▶ **REQUIREMENT**: In the records that follow, find the line containing "2020年,房地产资产占基金" and the line containing "LAT Men's Long", then transcribe both and every line between them exactly, omitting pictures.

▶ **DATA TO USE**:

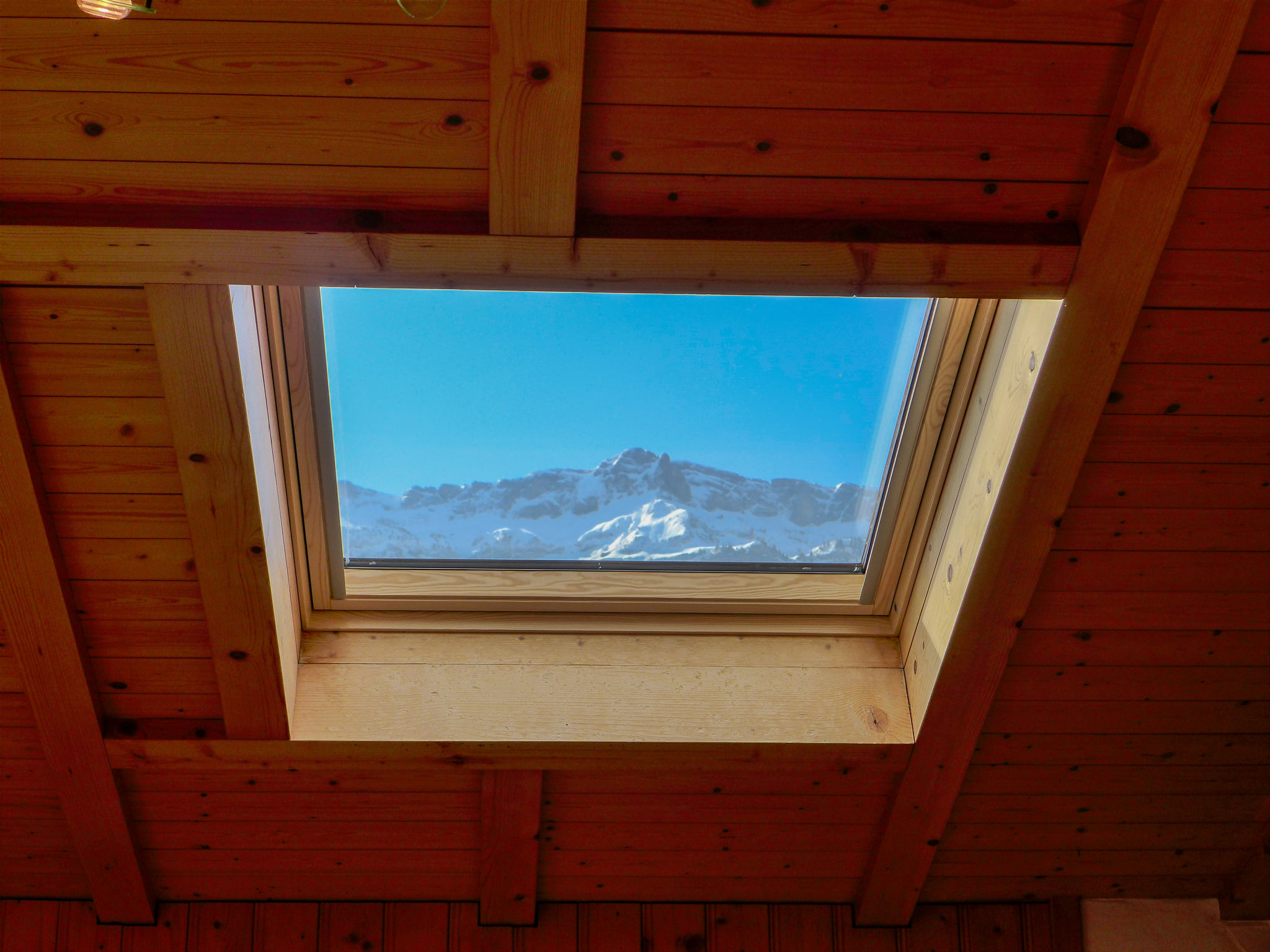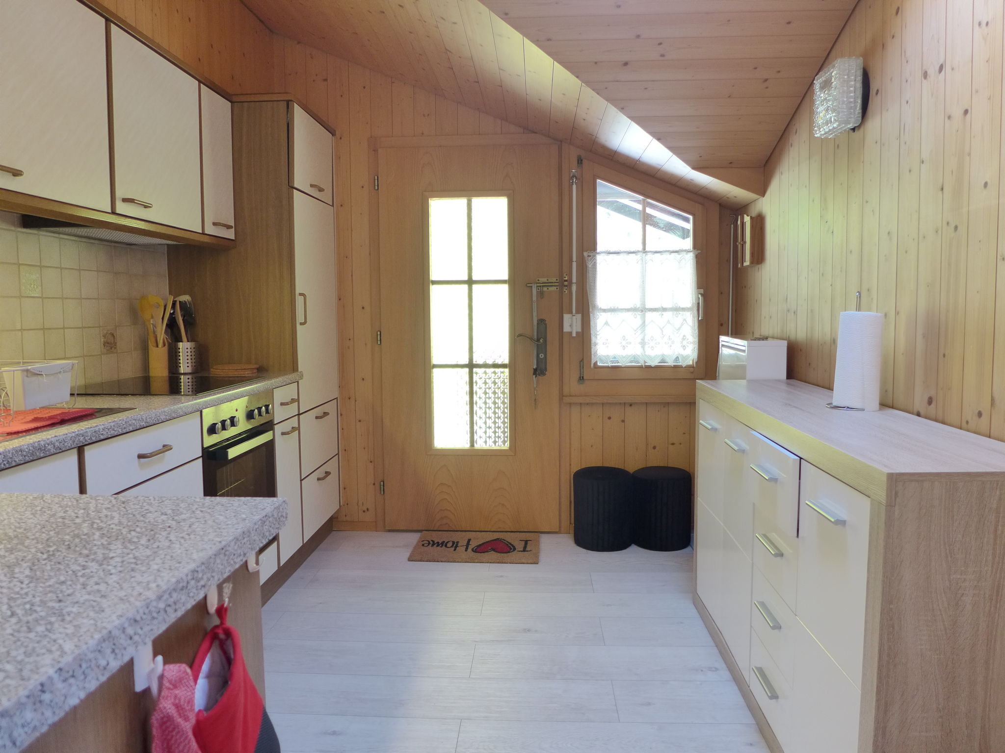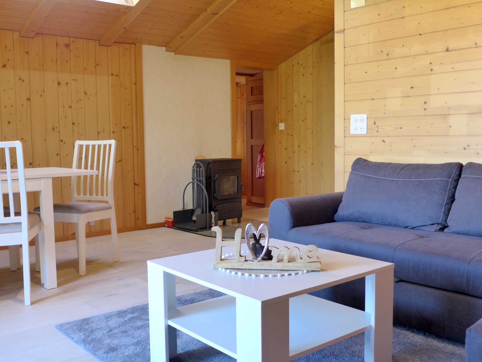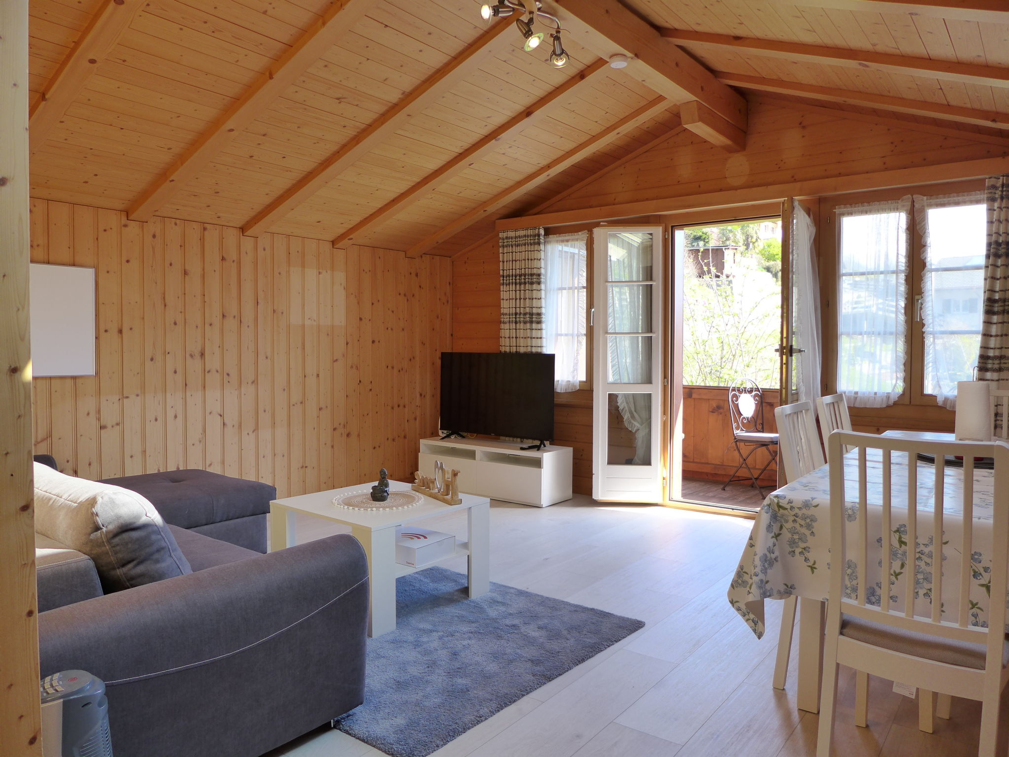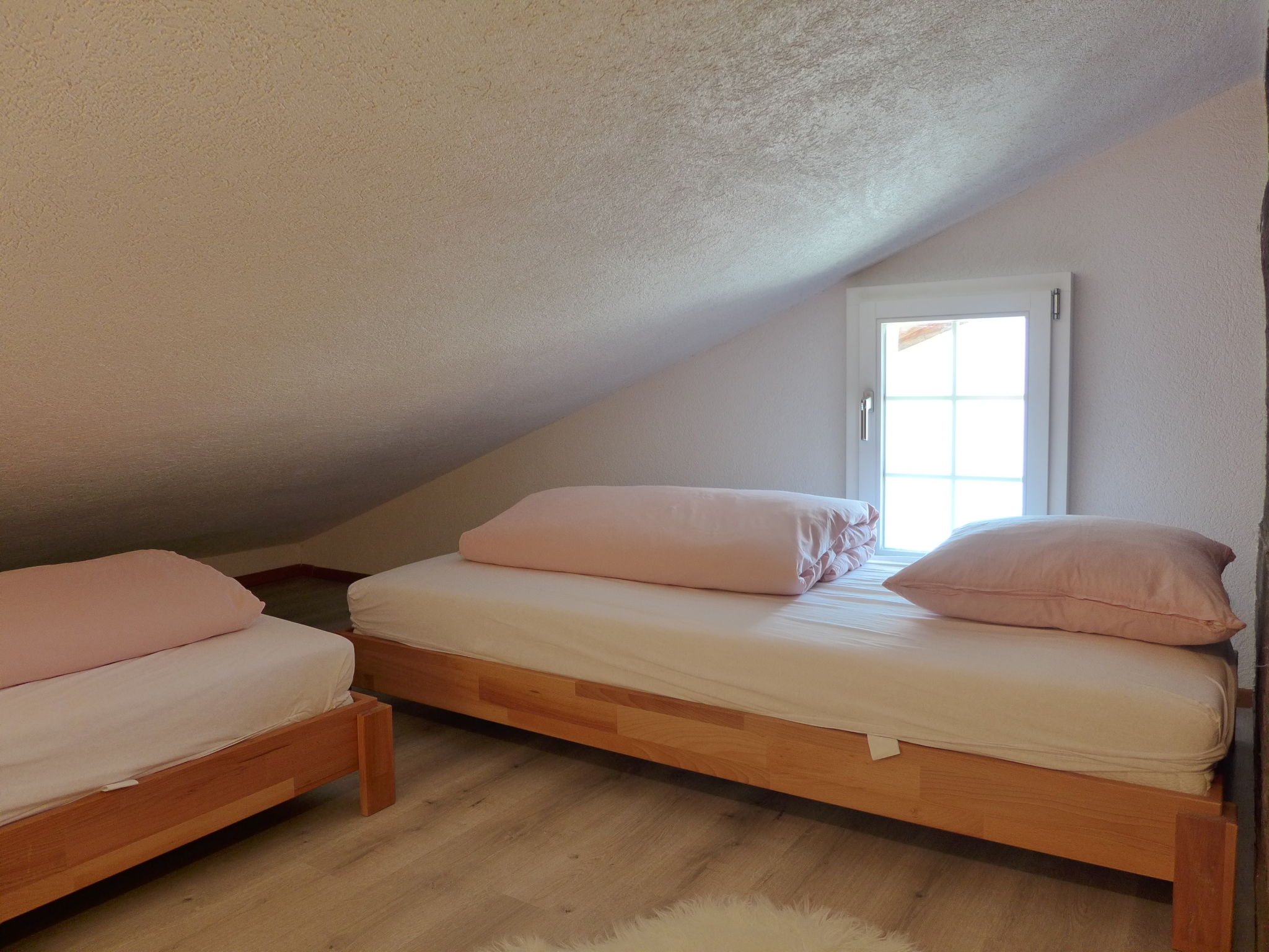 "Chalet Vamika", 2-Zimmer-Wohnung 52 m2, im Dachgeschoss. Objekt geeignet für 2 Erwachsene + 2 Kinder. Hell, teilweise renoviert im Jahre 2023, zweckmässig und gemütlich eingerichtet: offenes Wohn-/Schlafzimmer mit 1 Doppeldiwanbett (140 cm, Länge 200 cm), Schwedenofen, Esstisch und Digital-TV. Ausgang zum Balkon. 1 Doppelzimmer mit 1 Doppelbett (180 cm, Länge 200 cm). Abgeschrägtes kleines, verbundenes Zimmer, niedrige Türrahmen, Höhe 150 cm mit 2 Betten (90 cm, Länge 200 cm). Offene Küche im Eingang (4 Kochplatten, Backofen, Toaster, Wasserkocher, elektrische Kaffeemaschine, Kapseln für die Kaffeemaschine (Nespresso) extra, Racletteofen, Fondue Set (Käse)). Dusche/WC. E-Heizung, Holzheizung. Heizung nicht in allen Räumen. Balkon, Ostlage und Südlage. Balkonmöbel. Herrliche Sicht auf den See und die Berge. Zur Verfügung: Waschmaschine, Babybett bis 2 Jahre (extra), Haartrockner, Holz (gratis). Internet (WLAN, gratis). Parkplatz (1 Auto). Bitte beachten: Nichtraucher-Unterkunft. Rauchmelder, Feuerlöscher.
--
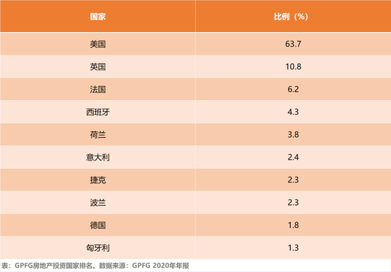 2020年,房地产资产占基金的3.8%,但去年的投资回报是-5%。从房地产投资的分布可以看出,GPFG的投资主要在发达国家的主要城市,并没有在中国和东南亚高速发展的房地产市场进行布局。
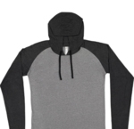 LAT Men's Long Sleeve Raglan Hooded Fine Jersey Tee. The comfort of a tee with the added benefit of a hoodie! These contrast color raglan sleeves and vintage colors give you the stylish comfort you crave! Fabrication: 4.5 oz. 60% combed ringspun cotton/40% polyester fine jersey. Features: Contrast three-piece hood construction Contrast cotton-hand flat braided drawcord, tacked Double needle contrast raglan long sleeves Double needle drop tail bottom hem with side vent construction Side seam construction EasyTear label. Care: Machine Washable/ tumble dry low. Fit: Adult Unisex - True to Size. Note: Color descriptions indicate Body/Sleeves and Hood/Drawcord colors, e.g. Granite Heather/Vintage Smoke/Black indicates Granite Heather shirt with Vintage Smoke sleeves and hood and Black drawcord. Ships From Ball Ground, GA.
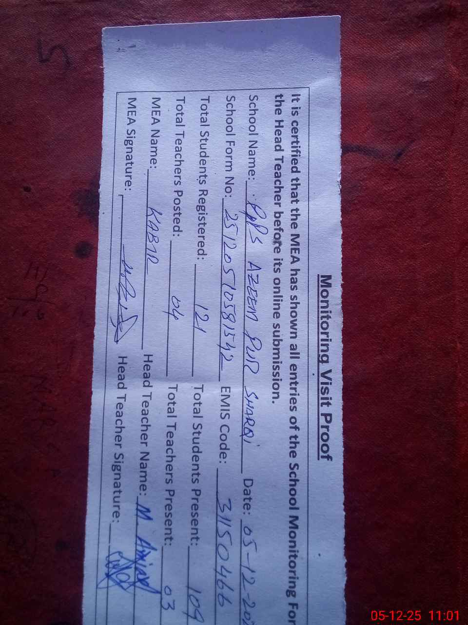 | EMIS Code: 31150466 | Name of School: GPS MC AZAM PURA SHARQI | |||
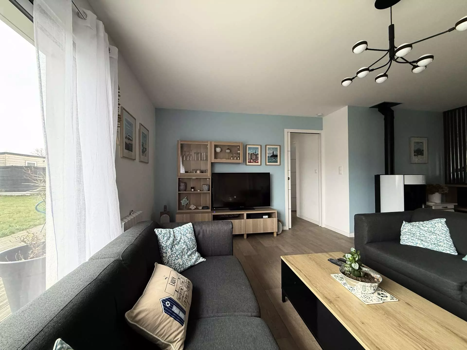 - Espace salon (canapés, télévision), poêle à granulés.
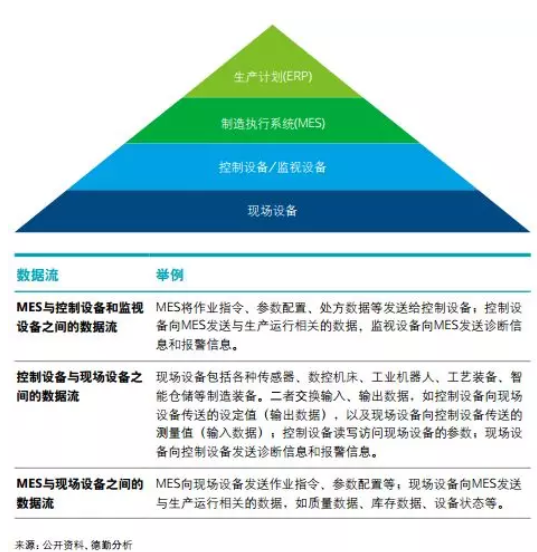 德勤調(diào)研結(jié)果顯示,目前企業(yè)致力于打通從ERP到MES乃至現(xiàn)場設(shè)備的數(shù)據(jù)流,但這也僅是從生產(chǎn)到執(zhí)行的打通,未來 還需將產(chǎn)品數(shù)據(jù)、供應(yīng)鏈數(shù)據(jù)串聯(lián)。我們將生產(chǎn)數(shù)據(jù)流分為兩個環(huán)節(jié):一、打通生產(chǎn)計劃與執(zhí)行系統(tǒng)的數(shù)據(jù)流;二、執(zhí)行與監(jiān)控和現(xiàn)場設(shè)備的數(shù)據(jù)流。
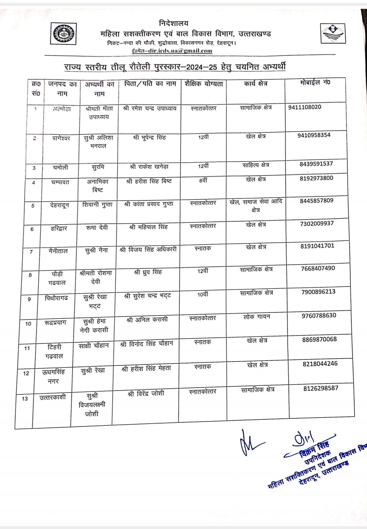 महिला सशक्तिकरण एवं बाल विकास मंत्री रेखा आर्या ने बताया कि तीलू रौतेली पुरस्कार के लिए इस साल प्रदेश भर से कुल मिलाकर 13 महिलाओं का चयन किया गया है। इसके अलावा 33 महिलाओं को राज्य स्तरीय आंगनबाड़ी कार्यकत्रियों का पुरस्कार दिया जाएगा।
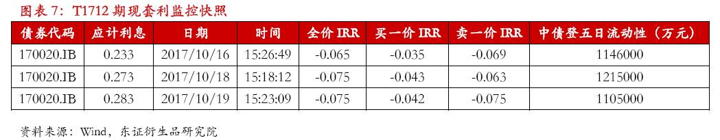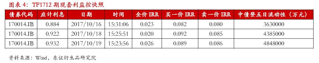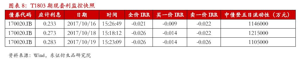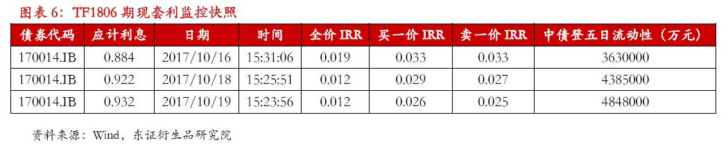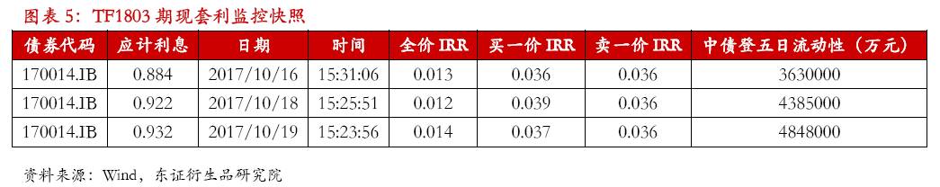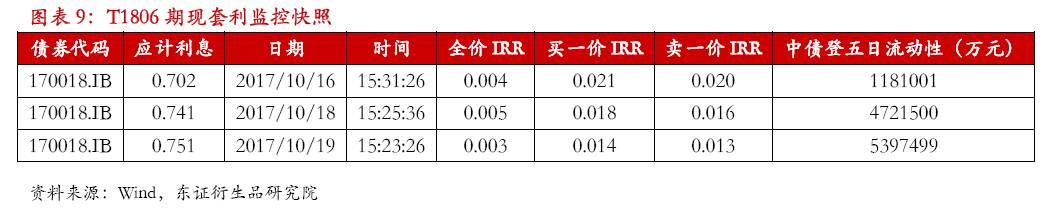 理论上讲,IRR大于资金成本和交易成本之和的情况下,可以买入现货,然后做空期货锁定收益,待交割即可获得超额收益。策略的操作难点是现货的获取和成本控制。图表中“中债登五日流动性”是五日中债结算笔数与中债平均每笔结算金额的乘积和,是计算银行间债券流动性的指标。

▶ **RESPONSE TO THIS TASK**:
 2020年,房地产资产占基金的3.8%,但去年的投资回报是-5%。从房地产投资的分布可以看出,GPFG的投资主要在发达国家的主要城市,并没有在中国和东南亚高速发展的房地产市场进行布局。
 LAT Men's Long Sleeve Raglan Hooded Fine Jersey Tee. The comfort of a tee with the added benefit of a hoodie! These contrast color raglan sleeves and vintage colors give you the stylish comfort you crave! Fabrication: 4.5 oz. 60% combed ringspun cotton/40% polyester fine jersey. Features: Contrast three-piece hood construction Contrast cotton-hand flat braided drawcord, tacked Double needle contrast raglan long sleeves Double needle drop tail bottom hem with side vent construction Side seam construction EasyTear label. Care: Machine Washable/ tumble dry low. Fit: Adult Unisex - True to Size. Note: Color descriptions indicate Body/Sleeves and Hood/Drawcord colors, e.g. Granite Heather/Vintage Smoke/Black indicates Granite Heather shirt with Vintage Smoke sleeves and hood and Black drawcord. Ships From Ball Ground, GA.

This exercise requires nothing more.